WHAT YOU HAVE TO DO
Only the lines from the one containing "Красивые желто-красные листья" through the end of the entries are wanted, retyped exactly and without pictures.

######

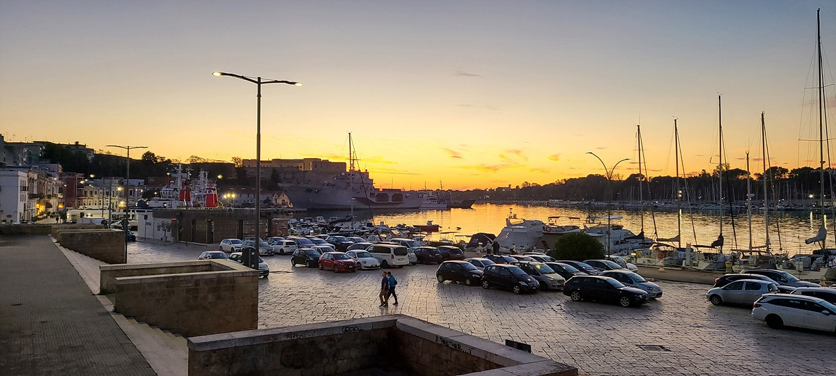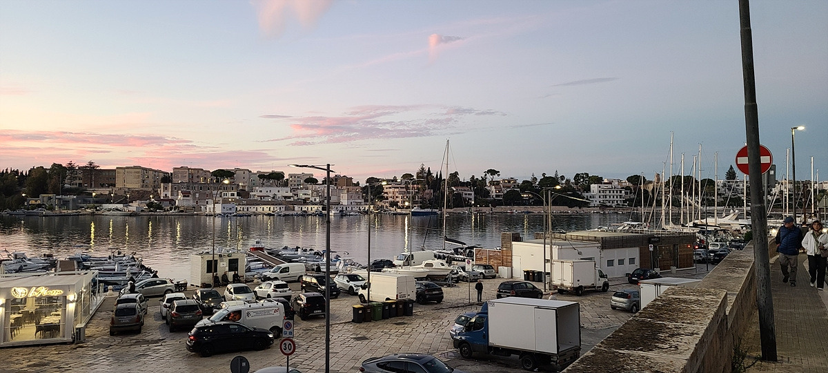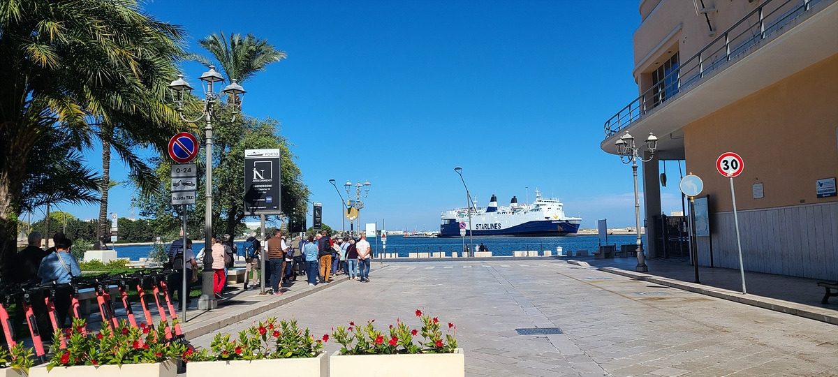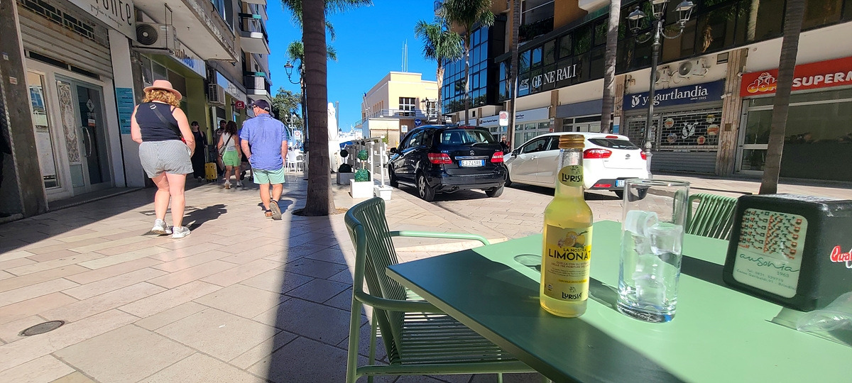 브린디시(Brindisi)에 도착하니 바다에 큰 크루즈가 떠 있다. 어느 카페의 테라스에 앉아서 라떼마끼야또와 작은 햄치즈빵 두 개를 점심으로 먹고 숙소를 예약했다. 해가 따뜻해서 정면으로 맞고 있자니 온몸에 온기가 돌았따. 리모네타라는 새로운 레몬소다도 마시며 여유를 즐겼다.
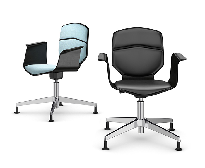 The Stratos plywood shell can also be combined with seat padding or seat and back padding. The choice here includes high quality fabric and leather, their clear color lending additional visual emphases.
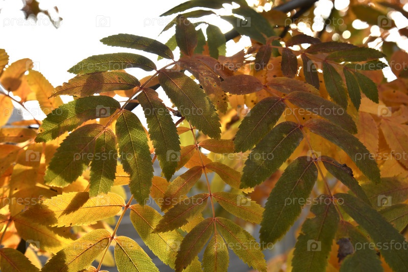 Красивые желто-красные листья рябины в лучах солнца осенью. Фон красивых осенних листьев рябины
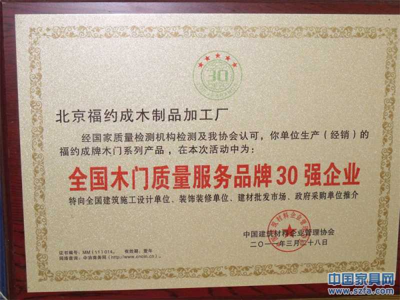 榮譽(yù)資質(zhì) 全國木門質(zhì)量服務(wù)品牌30強(qiáng)企業(yè)
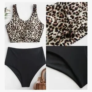 Knotted Tankini Set: Zaful tankini swimsuits with padded bra, knot front, high rise, high cut, high waist, tummy control and classic leopard and solid print

######

RESULT
 Красивые желто-красные листья рябины в лучах солнца осенью. Фон красивых осенних листьев рябины
 榮譽(yù)資質(zhì) 全國木門質(zhì)量服務(wù)品牌30強(qiáng)企業(yè)
 Knotted Tankini Set: Zaful tankini swimsuits with padded bra, knot front, high rise, high cut, high waist, tummy control and classic leopard and solid print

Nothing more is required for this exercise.